I was talking to my friend Ann today. She’s coming into town in a few days. At first she was going to stay with me then she was going to stay at another friend’s but now she’s back to staying with me. My house is in the midst of a slow-motion reorganization (super-slow-motion, actually … These Things Take Time) but I can get things more-or-less back together if I put my mind to it.

I told her that was fine, I would work on it. I said I would pretend my family was visiting. Which reminded me of a joke, but I couldn’t remember the details. The punch line is something like “Oh I would hope for better than that!”

I was walking home from the library later, and walking is when my mind wanders. While I was walking my mind wandered over to trying to remember what the actual joke was, but instead of landing on the joke, it remembered a story from a long time ago about an actual visit to my actual family.

I’m too lazy to google the joke, but here’s the story about my family.

My first few years out of college I lived in Princeton, New Jersey where I didn’t know anyone when I got there and where there wasn’t much in the way of entertainment activities for a 22-year-old person without much of a local network. However it is centrally located, and I had friends from college and high school up and down the Eastern seaboard so I would often drive to visit friends on weekends. At the time, my brother was living in Arlington, Virginia, working in the DC area. My brother always knows a million people and I knew my brother’s friends from college, and we had mutual friends from high school, and I also had other friends in the DC area, so I would visit him fairly regularly. Whenever I got too tired of being by myself in New Jersey that was an easy place to escape to.

The drive from New Jersey to DC took a few hours (3 or 4, as I recall, depending on traffic and which route I took to get to I-95, etc. … the details are fuzzy lo these many years later). I lived outside of town in the opposite direction from a trip to DC, so usually I would leave directly from work, and I had a fairly normal entry-level office person schedule, with some limited amount of control over when I got to work and when I left. So I would leave New Jersey around five or six o’clock and get to DC around eight-thirty or nine. After happy hour, but before late-night.

And of course this was in the pre- cell phone days, so you didn’t call from the road with an ETA, you talked on the phone during the week and told the person you were visiting what time you expected to be there, and only if something unusual happened would you stop and find a pay phone to call and give an update.

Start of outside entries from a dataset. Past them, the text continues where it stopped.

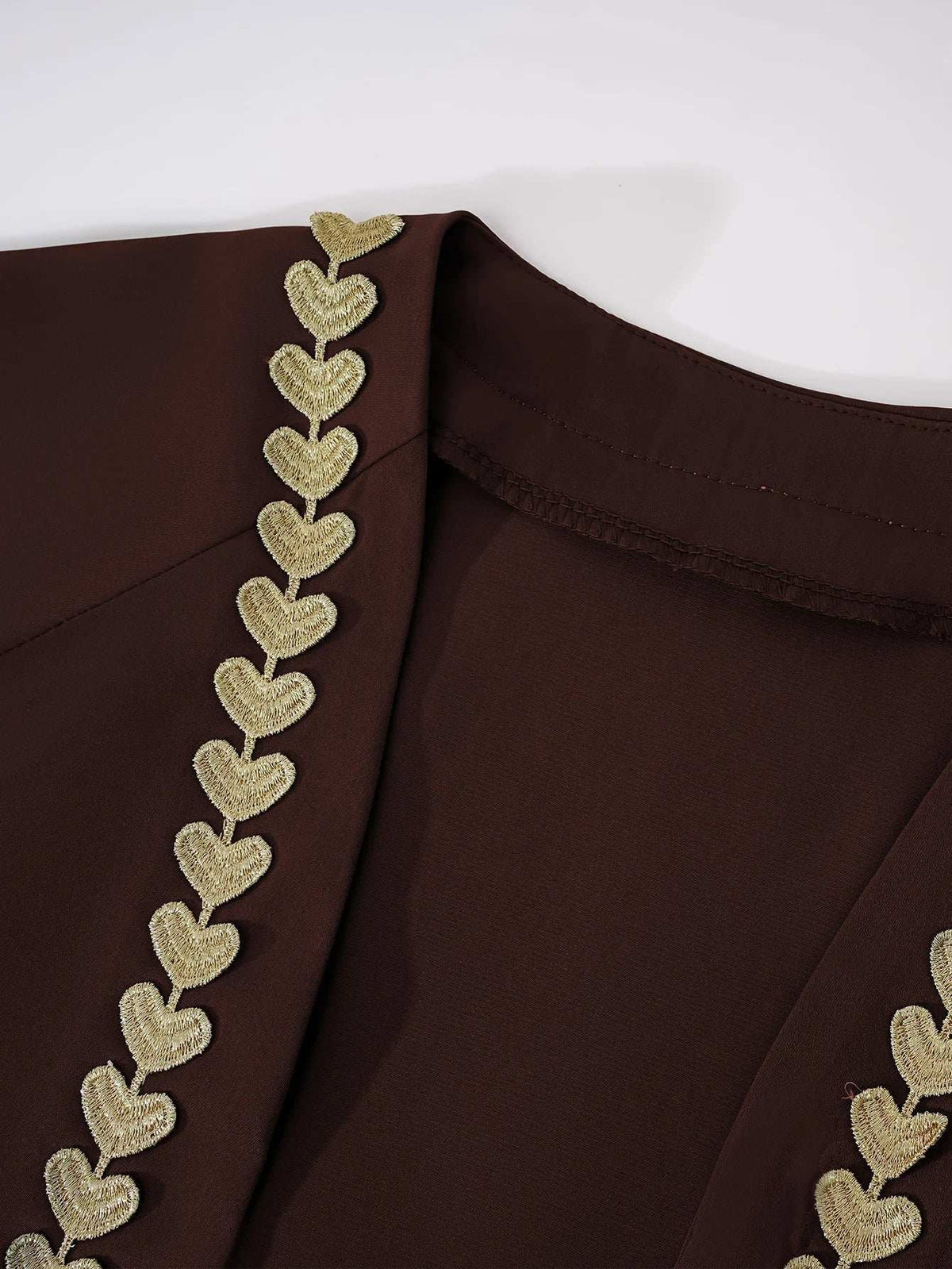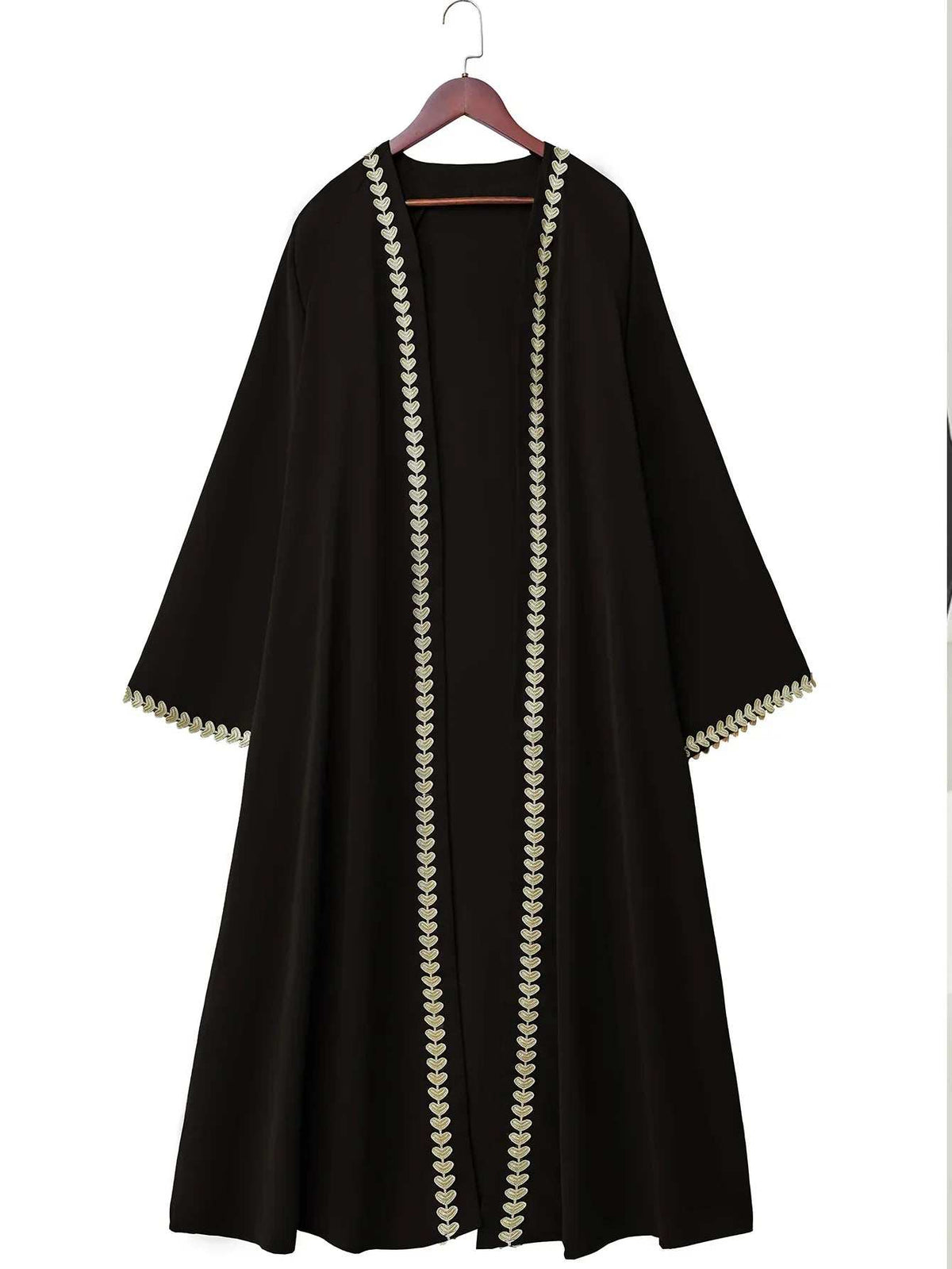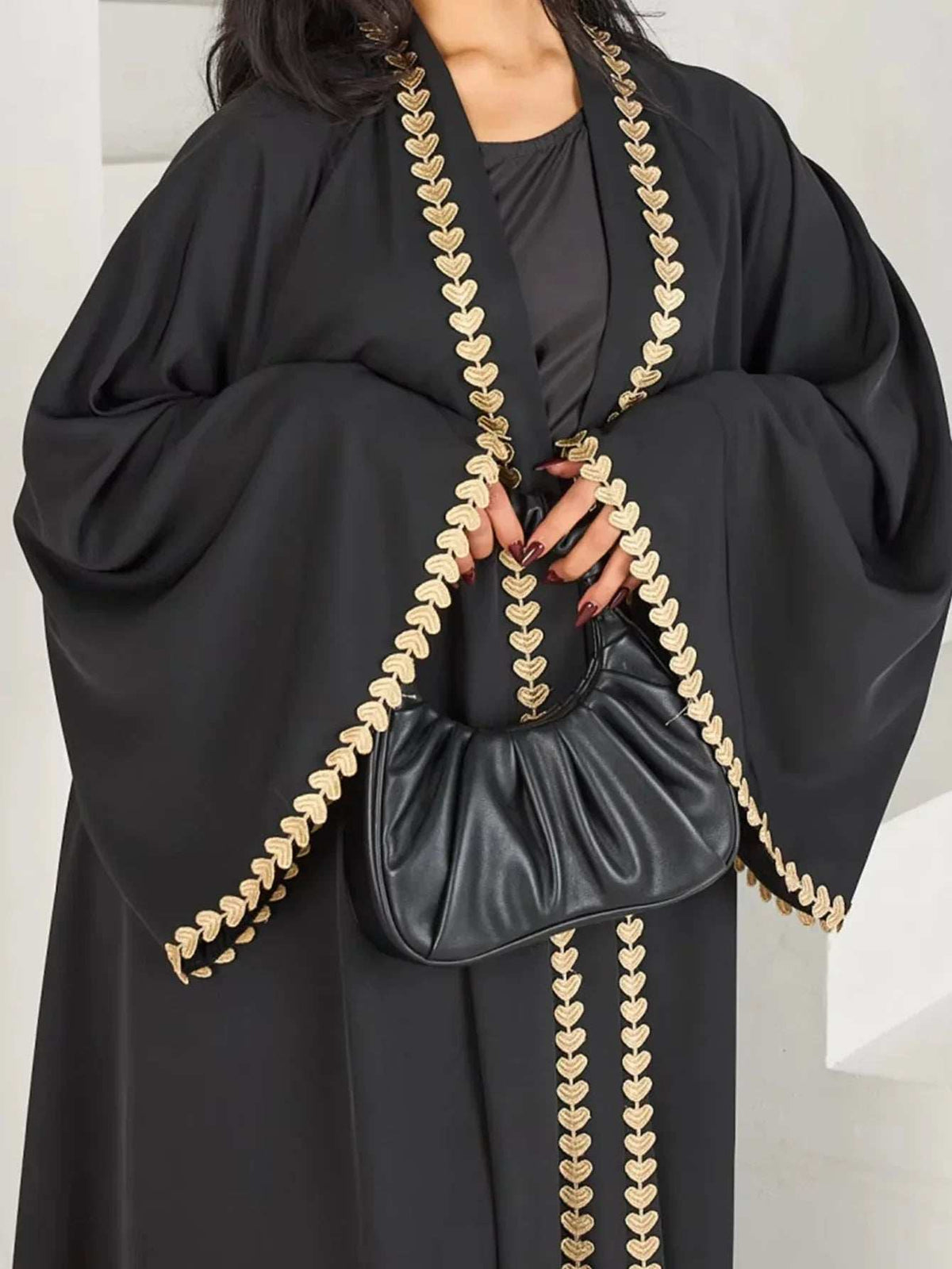 Experience refined elegance with the Emerald Gold Edge Abaya, crafted in a rich dark green tone and detailed with golden heart-embellished edges. Designed for comfort and sophistication, this loose-fit abaya is perfect for Middle Eastern fashion lovers seeking timeless modesty.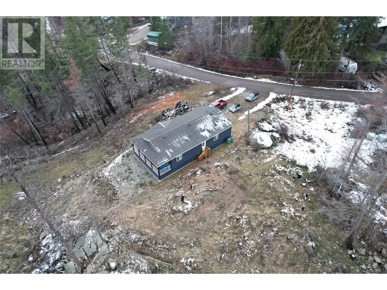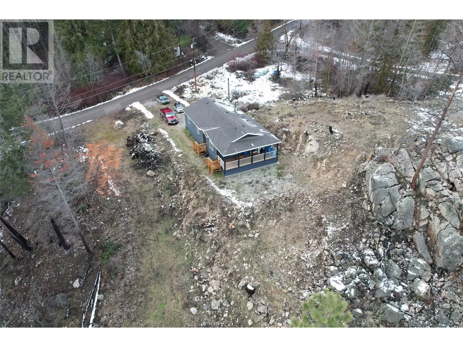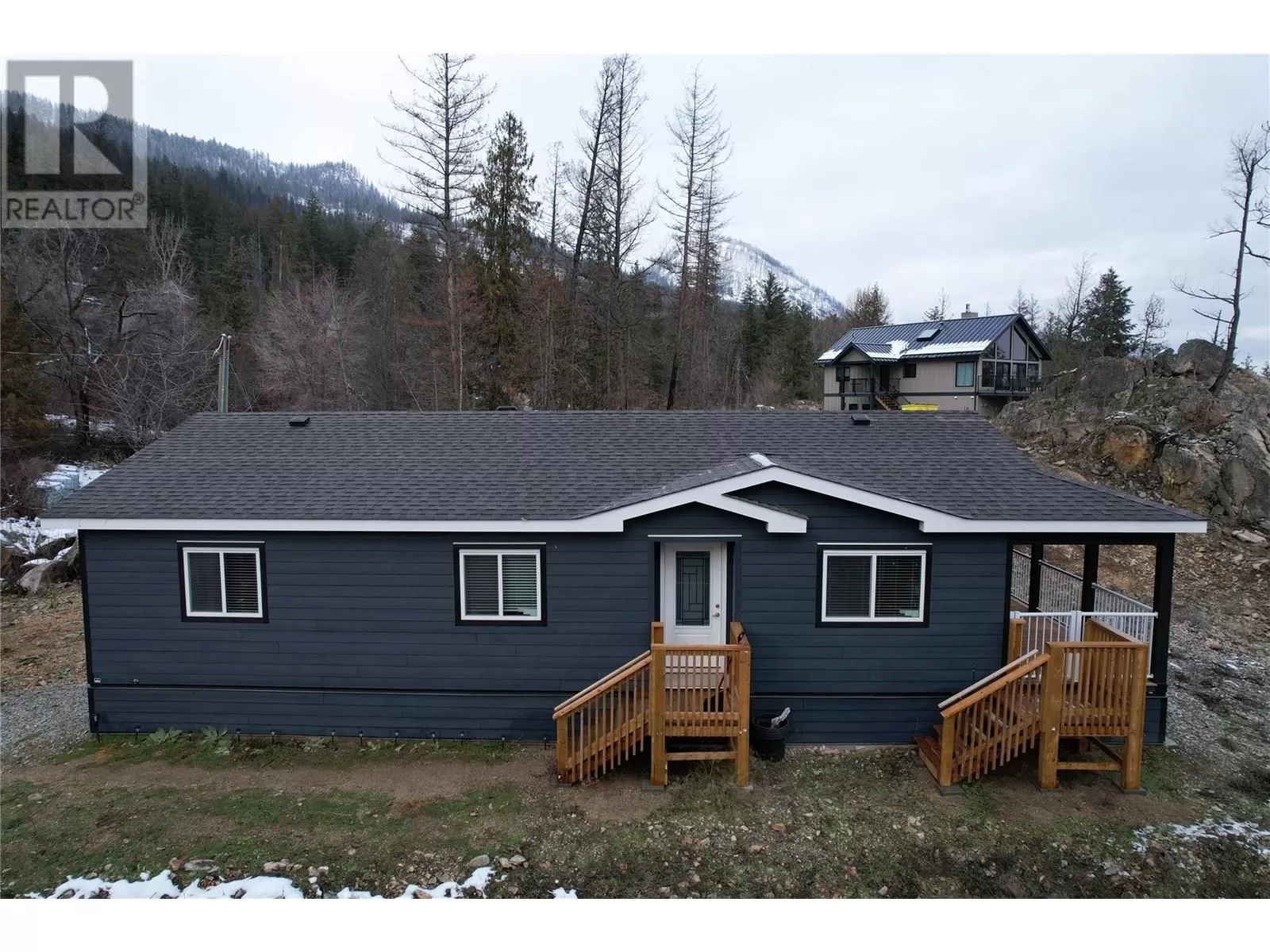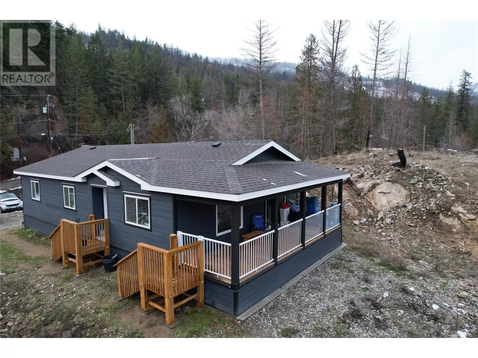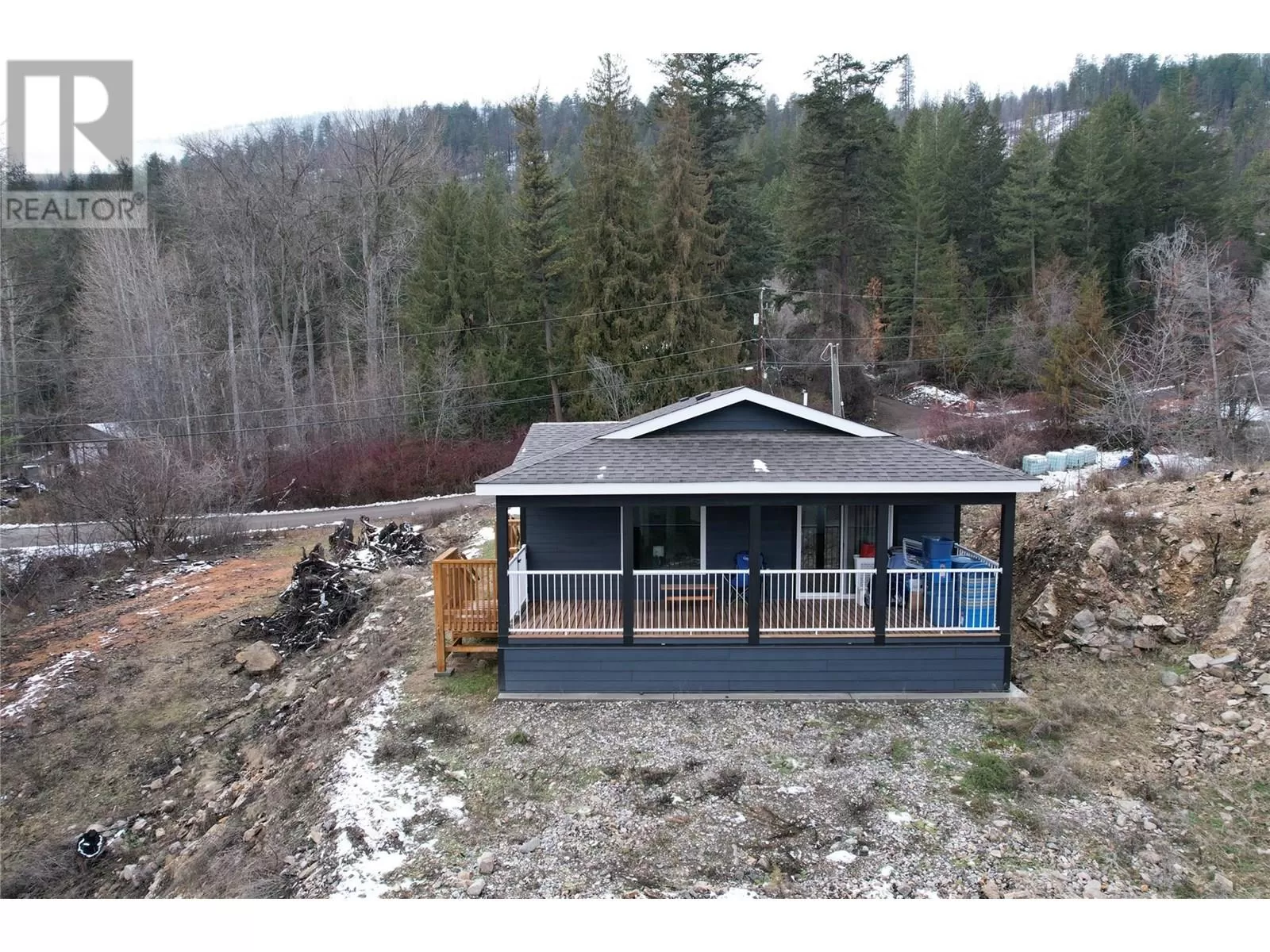 This 2 bedroom plus den, 2 bathroom, one story home was newly built in 2022. It features an open floor plan with the kitchen, living and eating space combined and access to the covered deck from the dining room. Rounding out the house is a handy laundry/storage room and a flexible den space. Enjoy some privacy from the covered deck and take in some incredible views of Okanagan Lake. The home sits on just under one acre of land that is low maintenance and offers great outdoor adventures right in your backyard. The home is an approximate 30-minute drive to Vernon and just 12 minutes to Fintry Provincial Park. (id:27476)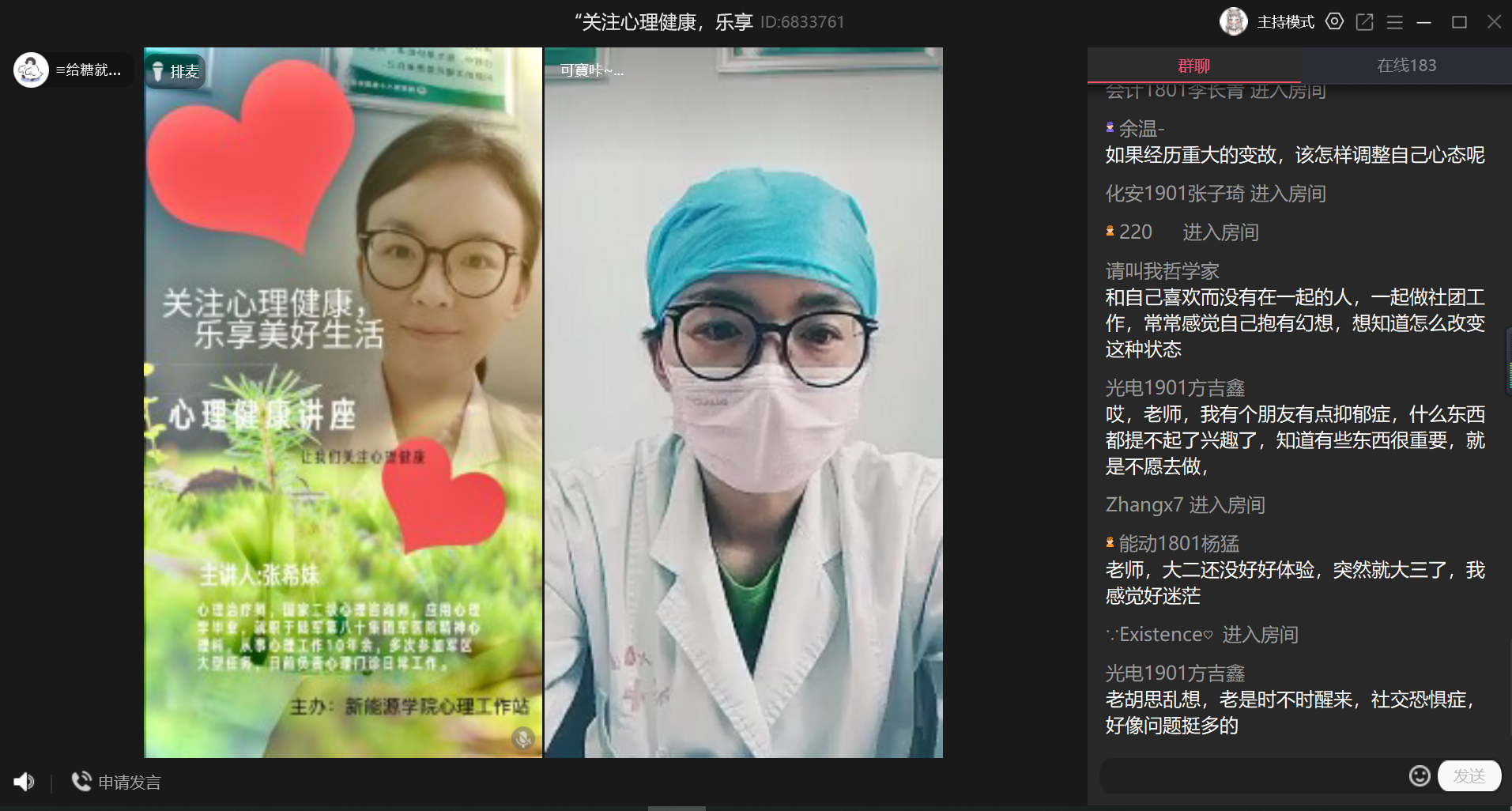 为加强心理健康教育工作,增进学生之间的交流,保证大学生居家学习期间的心理健康,我院心理健康工作站于5.25大学生心理健康日开展“关注心理健康·乐享美好生活”的专题心理讲座。本次讲座邀请到就职于陆军第八十集团军医院精神心理科,从事心理工作10余年,擅长青少年心理问题咨询、轻、中、重度抑郁及焦虑情绪的心理治疗、心理危机干预、团体心理行为训练等多项工作的专业心理理疗师张希妹作为主讲人进行心理讲座以及为参会学生答疑解惑。
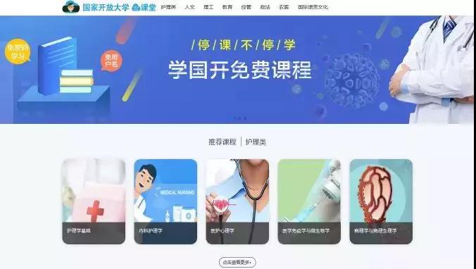 国家开放大学云课堂学习平台开放了300余门免费课程涵盖护理、人文、理工、教育、经管、政法、农医、语言等多学科门类,供您选择,在家也要充实人生。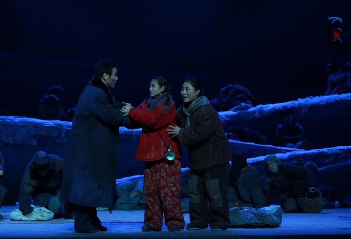 “黄河古道沙漫漫,内涝洼窝侵良田。盐碱地白茫茫枯草片片,问兰考为什么灾荒年年”序幕里焦裕禄苦苦探寻,满心忧虑的身影伴着悠扬又带着激昂的旋律很快就把我们带入了剧情之中。风雪天,焦裕禄的声声对不起,一下子就拉进了与观众的心理距离,一个可亲可敬的形象走进了我们的心里。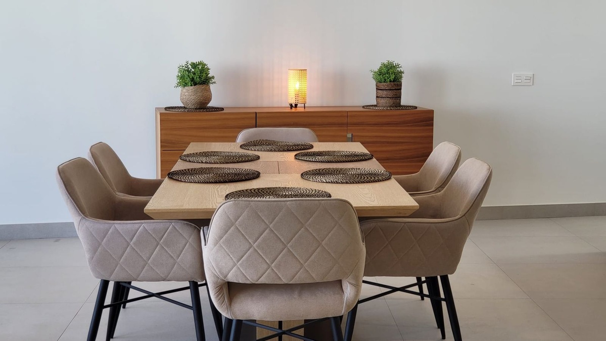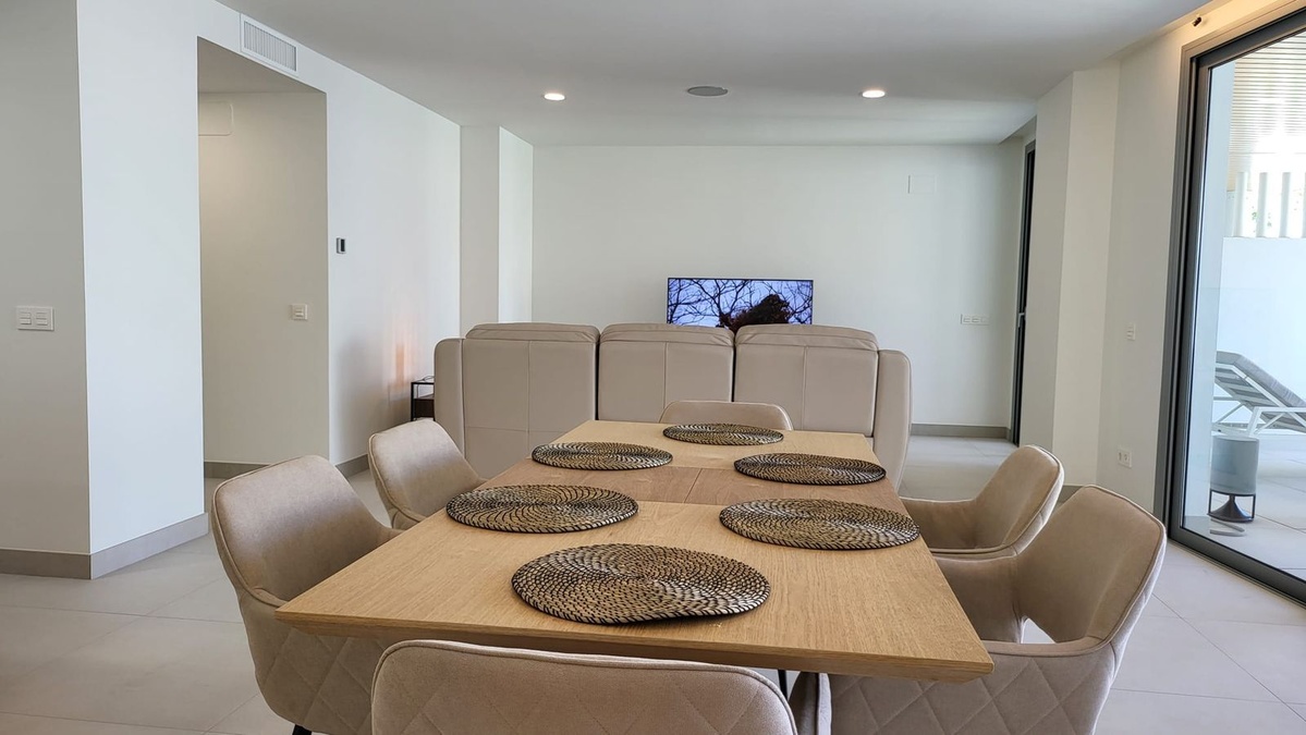 De keuken verbindt zich met de eethoek, waar een grote tafel is met zes stoelen, en met de woonkamer, waar een grote L-vormige, verstelbare, elektrische bank, een nieuwe tv (smart tv) is, onbeperktFi.

So I’ve made plans for a visit, my brother is expecting me, we’ve confirmed everything on the phone and I’m more-or-less on schedule, maybe a little bit late since I’m usually a little bit late. It’s dark when I get to his place. He lives in a big apartment building, ten or fifteen floors. The building has a buzzer system for guests to be let in — you call the number from the keypad outside the door and the person in the apartment buzzes you in. There’s no lobby or doorman or anything. (And, as noted, NO CELL PHONES.)

So I park in the parking lot and gather my things from the car and walk to the door and pick up the phone receiver and use the keypad to call his apartment and … nothing. There’s no answer. I’m like Hmm, okay. Maybe he went out to the store or something, I’m sure he’ll be here soon.

So I put down my bags and I hang out and wait.

And wait.

I feel like the pre-cellphone stages of waiting were:

(1) Relief [Oh good, I’m not late!];
(2) Patience [No problem, this is fine, I’m sure they’ll be here in a minute];
(3a) Concern [Wait, do I have the right day/time/meeting place? Hmm…];
(3b) Annoyance [Geez, what the heck? They knew I was coming, where are they?]
(4) Worry [Gosh, I hope something terrible hasn’t happened!]

My initial response was definitely Stage (1) — as a chronically borderline late person I’m always relieved to be spared having caused someone else to have to wait for me — which quickly slid into Stage (2), This is Not a Big Deal. (We chronically borderline late people try to be very forgiving of lateness in others; what goes around comes around.) After continued waiting, I was wavering between Stages (3a) and (3b), which tend to happen simultaneously for me, I’m never sure which one to focus on so I kind of just bounce back and forth, and just about to shift into Stage (4) — okay this is bad, I think something is really wrong — when my brother shows up.

He’s like, Heyyy! You’re here!

He tells me he’d been at happy hour at his regular happy hour bar, he’d been wrapping up, getting ready to leave, being good. His bartender friend asked if he wanted another round and he said No. He said, “My sister’s coming to town, I have to get home, she’s meeting me at my apartment. I have to be there to let her in.”

His bartender friend said, “Ahhh, she’s family. She’ll wait.”

And my brother was like, “Hey, you know what? You’re right. On second thought, I will have another beer.”

We treat you like family. We leave you standing outside in the parking lot waiting for us while we have another beer.

Wait, I think that might be the joke.